Getting into interpretability a year ago was the best thing that could have happened to me as a scientist and curious human. I do think it might pan out successfully for my actual publications and scientific career, but more importantly beyond that, it is just a ton of fun and feels very fundamental.

It forces me to think more deeply, to learn more actual theory and methodologies, than previous years of my PhD. In retrospect I could and should have forced myself much earlier to really grapple with fundamental questions around these models. I always loved fundamental philosophical and cognitive science questions but I never actually formally engaged with them deeply on a technical level. Now I am almost on a daily basis formulating some hypothesis, testing it, trying to come up with explanations/intuitions together with my collaborators.

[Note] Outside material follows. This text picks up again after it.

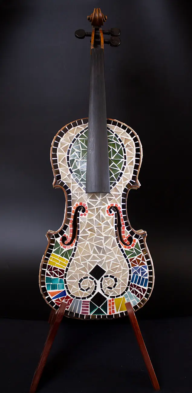 כינור – זכוכית על עץ. גודל 56*19 ס"מ.

A year ago I already had a vague sense I wanted to stay in academia after the PhD. Now I’m certain.

───

I wanted to write this blog post because (mechanistic) interpretability is such a unique subfield in AI. One could write a whole book just about the recent history of the field with its “two cultures” (academics and Anthropic/LessWrong/blog-post folks), flaws, personalities and meta-science questions. I really enjoyed the paper Mechanistic? (Saphra, Wiegreffe). In general when I pivot into a new field of research I appreciate position papers and philosophical takes much more than methods: it gives me a sense of where the field is currently at, and what direction people think the field should approach next. Similarly, my friend Marius had this great paper on empirically measuring the impact of interpretability findings: From Insights to Actions: The Impact of Interpretability and Analysis Research on NLP.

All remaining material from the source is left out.